Requirement ->
The expected result is the full listing, retyped exactly, without a single picture.

=== Information supplied ===

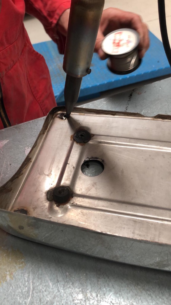 Secondo me è sufficiente dargli una carteggiata fine per togliere la ruggine e pulirlo bene, non credo che avrà grandi problemi all' interno del serbatoio
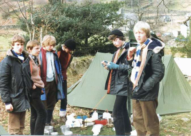 Note Silver E 1983 at one of their expedition camp sites. Left to Right :- Michael Sargent, Christopher Masters, Mark Thurgood, Kevin Vigar, Stephen Tiller and Steven Waller.
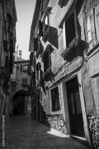 © dragoncello, Fototapeta premium A quiet back street in the historic centre of the medieval coastal town of Rovinj in Istria, Croatia

===

Task answer ->
 Secondo me è sufficiente dargli una carteggiata fine per togliere la ruggine e pulirlo bene, non credo che avrà grandi problemi all' interno del serbatoio
 Note Silver E 1983 at one of their expedition camp sites. Left to Right :- Michael Sargent, Christopher Masters, Mark Thurgood, Kevin Vigar, Stephen Tiller and Steven Waller.
 © dragoncello, Fototapeta premium A quiet back street in the historic centre of the medieval coastal town of Rovinj in Istria, Croatia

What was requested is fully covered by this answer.